Toothpaste ads are so clinical these days. All presented by flawless-looking people with immaculate gleaming white gnashers. Boring. I prefer the animated jazzy cool swinging Aquafresh toothpaste ad from the 80s. “Aquafresh is for the family” the catchy jingle went.
Very James Bond in style, I was in awe of this next advert. With dramatic music playing in the background, our hero skis down mountains avoiding avalanches, and even swims in shark-infested waters – all in order to drop off a precious gift. “And all because the lady loves Milk Tray.”
Chocolate again, with Windsor Davies. The camera zooms in on his expressive face as he tells us the joy of eating the Wispa bar. What a voice he has. I could listen to Windsor Davies read the phone book to be honest.
“The creamiest milk, the whitest bar, the good taste that’s in…”
Yes, of course, it’s the Milky Bar kid. Is this ad still on the go? I have no idea.
On reflection, all these chocolate ads must have been heaven sent for dentists.
Remember this? “Oh, we are the lads from country life and you’ll never put a better bit of butter on your knife… if you haven’t any in, have a word with your wife, and spread it on your toast in the morning.”
Yup, it’s the old ad for Country Life English Butter.
Now this 1980s series of ads, forever associated with a certain famous directory, is utterly heart-warming.
Picture the scene – an elderly man goes from shop to shop trying in vain to find a book. No one seems to have it, the man is despondent, and his daughter says he should try the Yellow Pages.
Eventually he manages to find a copy and the look on the old man’s face, fills your soul with joy.
Yes, you know the one, “Fly Fishing, by JR Hartley”.
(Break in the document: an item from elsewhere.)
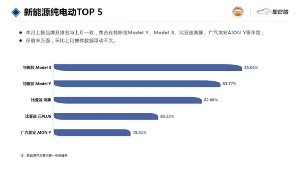 純電動車保值率總排行榜單中,特斯拉Model 3與Model Y高居榜首,兩者第一年保值率均保持在83%以上,基本做到與燃油車平均保值率持平的水準。排名第三的比亞迪海豚,本月的表現也不甘示弱,保值率達82.68%。榜單的第四、第五名分別是比亞迪元PLUS、廣汽埃安AION Y,保值率依次為80.12%、78.51%。目前新能源汽車保有量已經突破了千萬大關,隨著新能源汽車產品力的提升,市場端消費者對于純電動車型的接受度會越來越高。

Can we top that one? Possibly.
The young lad pushing his delivery bike up the hill? The mesmerising music of Dvorak filling our ears? A reminder of long-lost bygone days.
Of course, it’s the Hovis bread ad from 1973.
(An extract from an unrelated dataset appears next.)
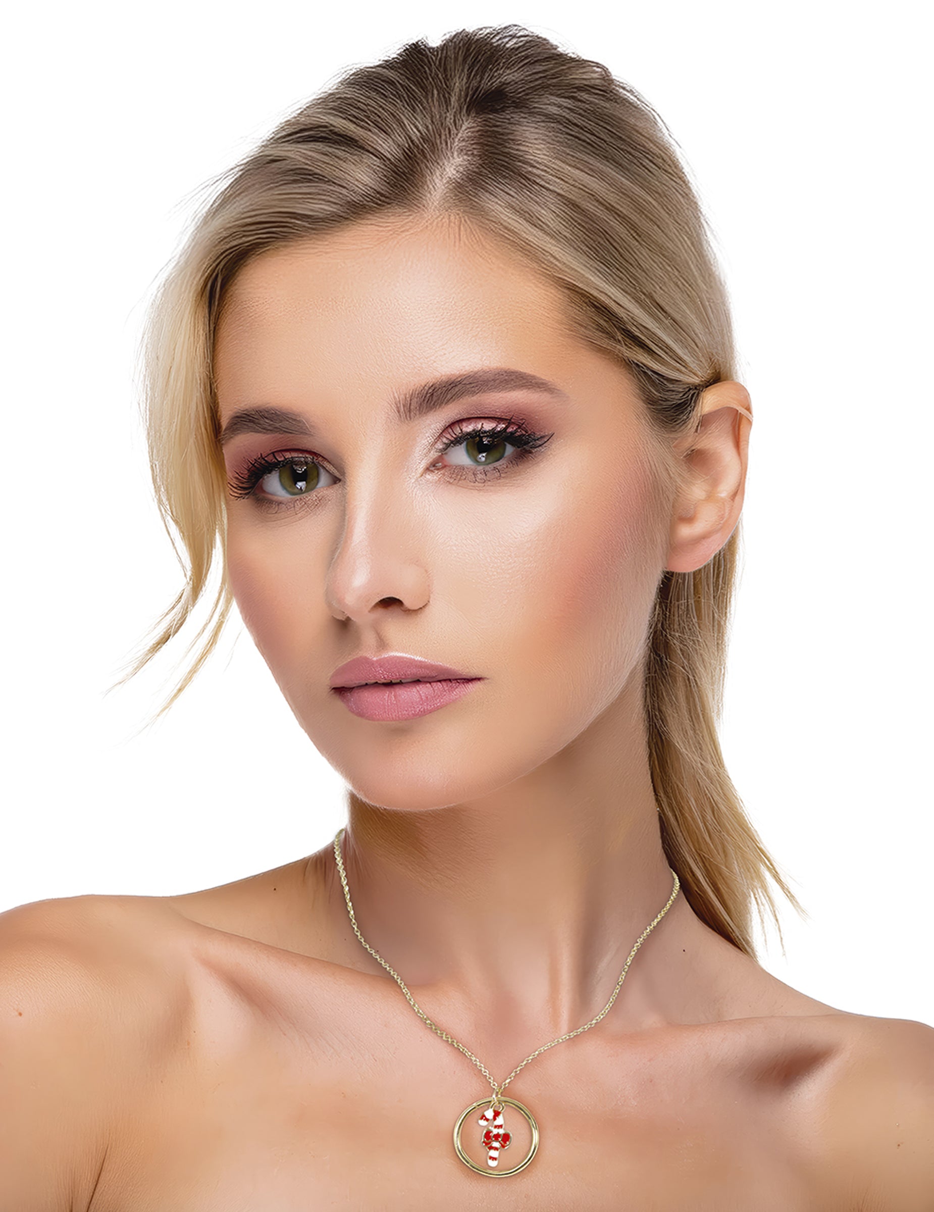 Tento vánoční náhrdelník ve tvaru cukrové hůlky dodá vašemu outfitu elegantní a slavnostní nádech. Jeho kruhový zlatý přívěsek zdobí červenobílá cukrová hůl zdobená malou zlatou mašlí, ikonickým symbolem svátků. Jemný, lesklý řetízek doplní jakýkoli vzhled, od večerních šatů až po ležérní oblečení. Rafinovaný doplněk, který přináší tu správnou dávku kouzla a třpytu pro stylovou oslavu Vánoc.

Filmed at a real live location, the iconic Gold Hill Shaftesbury, no wonder it’s seen as Britain’s favourite TV ad. It became so famous, that the Two Ronnies even did their own sketch of it in 1978.
Go on YouTube and watch some of these old ads, then ask yourself how today’s lot compare? They don’t. Not even in the same league.
As with classic TV comedies themselves, when it comes to adverts, it seems we really don’t make ’em like we used to.
In fact, I’ve gotten more joy out of watching these old TV ads than I have from watching actual current-day programmes.